"Dis, lo pulang sekolah jangan lupa nyiram tanaman kelompok kita di taman belakang." Dissa mengangguk patuh.
Taman belakang sekolah sudah disulap guru biologi mereka menjadi taman untuk mengembangbiakkan beberapa tumbuhan obat. Dari setiap kelas dibentuk kelompok yang masing-masing berisi empat orang. Setiap kelompok wajib menjaga setiap tanaman yang sudah mereka tanam. Untuk mempermudah, mereka membuat jadwal menyiram. Setiap orang dalam kelompok wajib menjalankan tugasnya. Mulai dari menyiram tanaman, mencabut rumput, sampai membersihkan daun-daun yang rontok.
"Diss, gue duluan ya." Perempuan yang tidak dikenalnya tapi menegurnya itu hanya dibalas Dissa dengan anggukan singkat.
Dissa kembali membersihkan rumput yang tumbuh di sekeliling tanamannya. Keadaan ditaman belakang sudah sepi. Hari juga sudah sore.
Dia melihat jam tangannya. Dua jam lagi dia harus pergi bekerja. Segera dia menyelesaikan tugasnya dengan cepat. Rumput yang berada ditangannya dia lempar ke tempat sampah. Satu meter dari jarak berdirinya terdapat kolam kecil yang menjadi saluran pembuangan air.
Saat Dissa membalik badannya, seseorang sudah lebih dulu mendorongnya dengan keras ke dalam kolam. Alhasil, air kolam berwarna hijau keruh itu langsung membasahi seluruh tubuhnya.
"Hahahaha." Dissa mendongak, menatap Frans yang berjongkok di bibir kolam. "Gue suka ngelihat lo kayak gini."
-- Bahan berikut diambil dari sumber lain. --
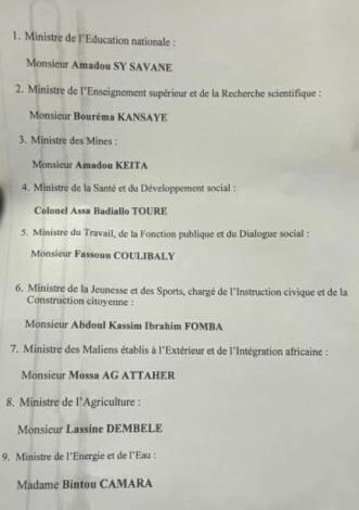أجرى رئيس المرحلة الانتقالية في مالي آسيمي اكويتا. مساء اليوم السبت تعديلا وزاريا جديدا في حكومة الوزير الأول شوكو ميلا مايغا. وشمل التعديل الجديد بحسب الوثيقة إلى 16وزيرا. وتم فيه استبعاد جميع الوزارء المحسوبين على الحركة العربية الازوادية. وهم الوزيرين هارون توري ممثل حركة” بلاتفورم” ومحمد محمود عن “حركة سيما”. في المقابل أعطيت حقيبتين وزاريتين للحركات الطوارق.

Dissa mencoba berdiri, tapi kembali terduduk dengan hentaman yang cukup keras keras. Lantai kolam yang dipijaknya cukup licin. Dengan susah payah dia meraih batu yang berada di tengah-tengah kolam. Berusaha menaiki tangga kecil yang ada dipojok kolam. Tubuhnya menggigil tidak terbiasa dengan air bah.
Frans bersedekap di dada. Dia tersenyum penuh kemenangan melihat apa yang telah dia perbuat.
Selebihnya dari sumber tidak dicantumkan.